Cons: Low level of awareness of the blockchain in the wider cryptocommunity.  ‘Coin Maxi’ community of Bitcoin is replaced by a name HODLing community on Handshake. Not unhelpful, but just passively hoarding name assets (Web 3 TLDs) hoping for prices to rise, but not involved with building. They account for at least 80% of the 12 million TLDs registered. The combo of low notoriety and market cap with no ownership, means core functionality is slow to improve and it’s difficult to render development investment proprietary.

3rd – Monero   4/30 votes; 13% of vote.

Monero is a PoW blockchain set up to offer an alternative to Bitcoin as a currency and transaction medium. It’s main goal has been to focus on privacy features. It is based on CryptoNote, a concept described in a 2013 white paper authored by Nicolas van Saberhagen.

It’s rumoured that it attracts illicit interest like money laundering and ransomware payments due to its strong privacy features.

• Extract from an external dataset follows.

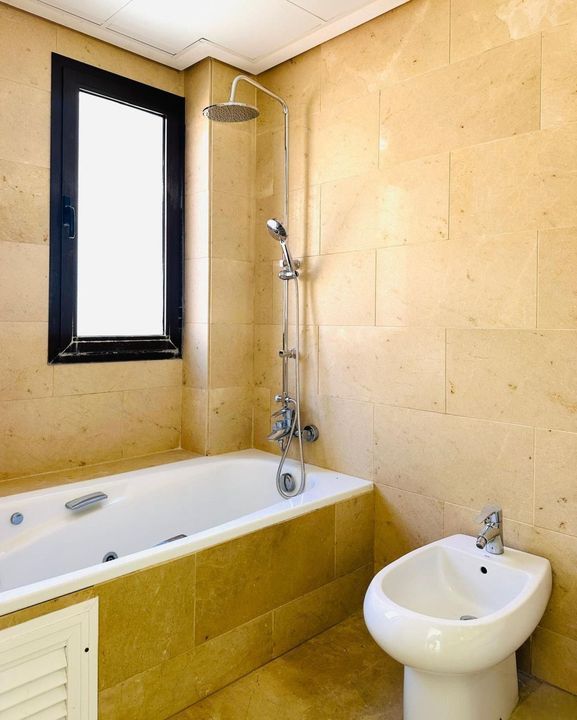 Het appartement heeft drie ruime slaapkamers, waaronder een elegante master suite met aangrenzende badkamer, en een tweede moderne badkamer. De grote, lichte woonkamer heeft een nieuwe, volledig uitgeruste open keuken, die liefhebbers van gezelligheid en gastronomie zal bekoren. Een functionele bijkeuken maakt de inrichting van deze leefruimte compleet.

It’s a common medium of exchange on darknet markets.

It’s got arguably the 4th highest development community in the crypto-spectrum, but they are solely focused on strengthening and upgrading its privacy features, and are not open builders. It has an unlimited coin supply.

The blockchain is otherwise locked to building (not programable).

Pros/Cons – As the blockchain is locked to building (not programable), it is out of article scope to do Pros/Cons analysis. It is not clear why it got 4 votes. Some people like to participate in polls, even if they don’t understand. Some in a rush may have clicked the wrong option in error. Some may know Monero isn’t an eligible candidate, but it may be a ‘protest’ vote because they didn’t approve of the poll narrative, or because they felt a choice should have been available, which was absent.

4th – Dogecoin   3/30 votes; 10% of vote.

Dogecoin (PoW Blockchain) was created by Billy Markus and Jackson Palmer, making fun of the explosion in ‘meme’ cryptocurrencies at the time. They didn’t expect anyone to take it seriously, but people started buying it.  Dogecoin itself was to later become parodied by tokens such as Shiba Inu and Shiba Saga (ERC 20 tokens) and DogWifHat (a token off Solana).

Dogecoin has an unlimited supply with a fixed rise in the currency of 5 million units a year.

The blockchain is otherwise locked to building (not programable).

For reasons similar to those given about Monero, we will not be adding a Pros/Cons section. We can speculate on why it got 3 votes for the same reasons we also gave for Monero.

Nobody was tagged in the LinkedIn poll, nor was anybody given a LinkedIn Direct Message (DM) to encourage their participation in the poll.